An array is the most fundamental data structure in computing: a contiguous block of memory that stores a sequence of elements, each the same size, laid out one after another. Because the elements are equally sized and packed together, the location of element number i can be computed directly from the address of the first element plus i times the element size. This arithmetic is what gives an array its defining property: constant-time, or O(1), random access to any position regardless of how large the array is.
Arrays map almost directly onto how physical computer memory works. Memory is itself a long sequence of numbered cells, so an array is little more than a named, typed window onto a stretch of those cells. This closeness to the hardware is why arrays are fast in practice as well as in theory: reading consecutive array elements walks through memory in order, which suits the way processors and their caches fetch data.

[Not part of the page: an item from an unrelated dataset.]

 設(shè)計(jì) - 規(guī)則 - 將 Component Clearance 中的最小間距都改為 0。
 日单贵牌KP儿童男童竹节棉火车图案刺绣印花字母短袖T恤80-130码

Donald Knuth treats arrays among the foundational structures in Volume 1 of The Art of Computer Programming, titled “Fundamental Algorithms,” which develops the representation of information inside a machine from first principles (Knuth’s pages at Stanford, verified 2026-06-08). The classic, simplest array is fixed in size: you decide how many elements it holds when you create it, and that capacity does not change. Adding more elements than the array was sized for requires allocating a new, larger block, which is the problem that the dynamic array was designed to solve.

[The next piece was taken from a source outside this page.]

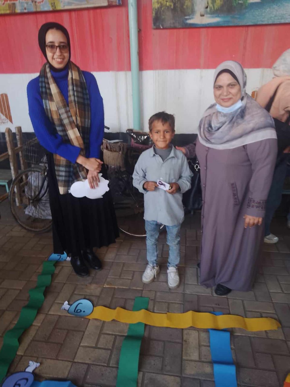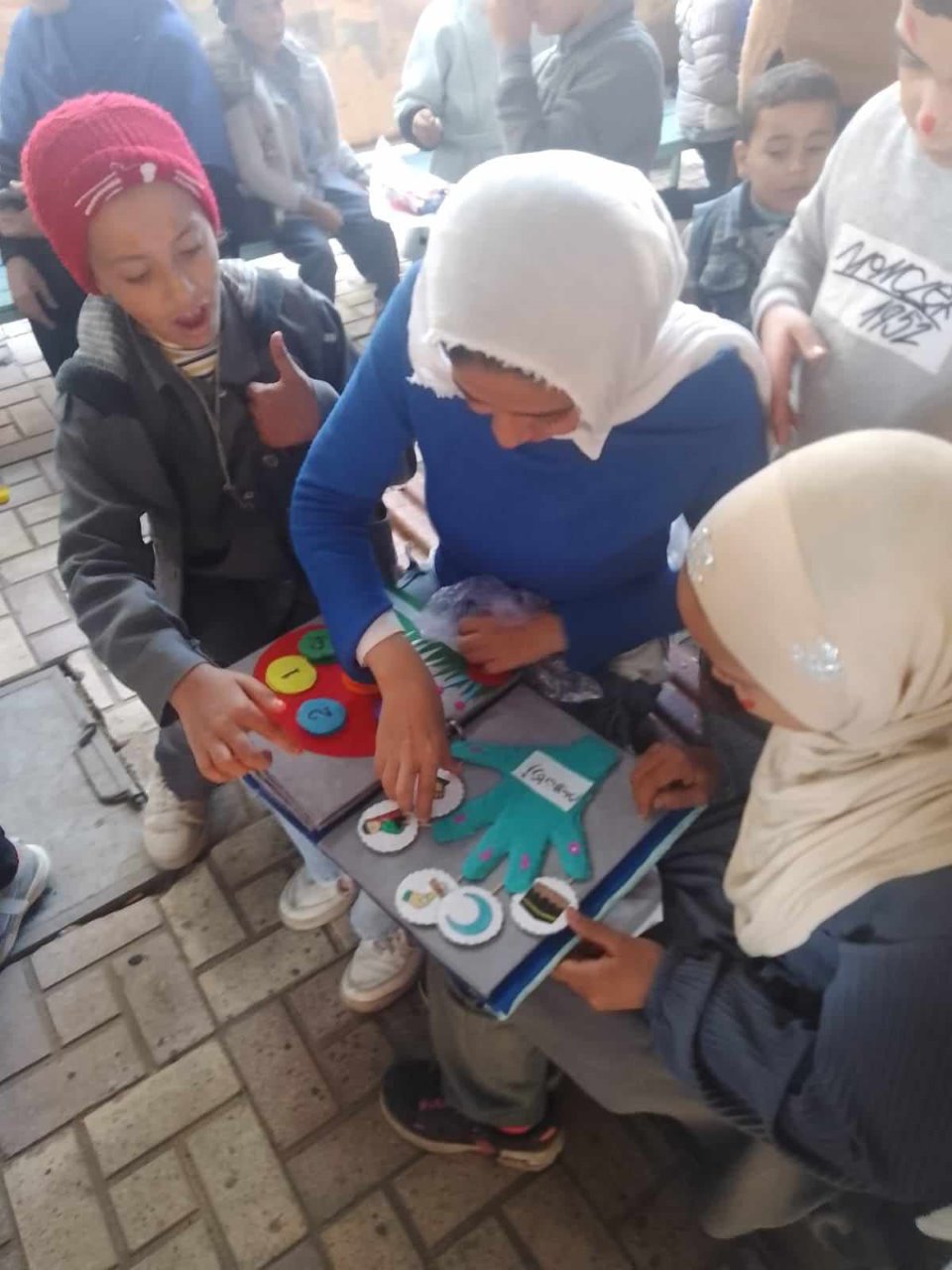 ورسم وتلوين ، وأنشطة حركية باللعب مع الأطفال بالمكعبات والعرائس القفازية ، بالإضافة إلى ألعاب حركية

The trade-off of an array is that its strength in access is mirrored by weakness in insertion and deletion in the middle. Removing or inserting an element at an interior position requires shifting every following element by one place to keep the block contiguous, an operation that costs time proportional to the number of elements moved. Structures such as the linked list make the opposite trade, sacrificing fast indexing to gain cheap insertion and removal at a known position.